Excerpted data:

•••

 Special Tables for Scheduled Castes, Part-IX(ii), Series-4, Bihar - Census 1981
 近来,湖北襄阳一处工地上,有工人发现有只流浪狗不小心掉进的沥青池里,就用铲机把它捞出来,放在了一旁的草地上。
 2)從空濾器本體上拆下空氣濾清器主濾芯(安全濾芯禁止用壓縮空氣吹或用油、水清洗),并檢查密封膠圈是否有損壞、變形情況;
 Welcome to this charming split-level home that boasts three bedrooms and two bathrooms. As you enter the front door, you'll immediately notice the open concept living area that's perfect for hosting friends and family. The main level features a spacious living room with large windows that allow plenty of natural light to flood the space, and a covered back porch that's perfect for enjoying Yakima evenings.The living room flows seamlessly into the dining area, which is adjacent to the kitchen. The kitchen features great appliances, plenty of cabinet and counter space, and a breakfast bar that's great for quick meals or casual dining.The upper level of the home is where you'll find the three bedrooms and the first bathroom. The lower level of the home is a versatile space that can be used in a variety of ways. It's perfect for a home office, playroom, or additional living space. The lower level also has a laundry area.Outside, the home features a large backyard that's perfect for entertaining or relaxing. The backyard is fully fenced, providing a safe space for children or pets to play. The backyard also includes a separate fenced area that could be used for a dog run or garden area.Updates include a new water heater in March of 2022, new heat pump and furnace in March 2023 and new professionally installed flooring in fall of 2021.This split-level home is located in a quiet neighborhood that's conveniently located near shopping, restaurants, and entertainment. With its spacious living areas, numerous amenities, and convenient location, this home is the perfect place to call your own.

•••

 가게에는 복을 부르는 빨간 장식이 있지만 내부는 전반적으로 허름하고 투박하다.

•••

Begin with the line that has "近来,湖北襄阳一处工地上,有" in the listing above and end after the line that has "2)從空濾器本體上拆下空氣濾"; output those lines exactly.

Result of the exercise:
 近来,湖北襄阳一处工地上,有工人发现有只流浪狗不小心掉进的沥青池里,就用铲机把它捞出来,放在了一旁的草地上。
 2)從空濾器本體上拆下空氣濾清器主濾芯(安全濾芯禁止用壓縮空氣吹或用油、水清洗),并檢查密封膠圈是否有損壞、變形情況;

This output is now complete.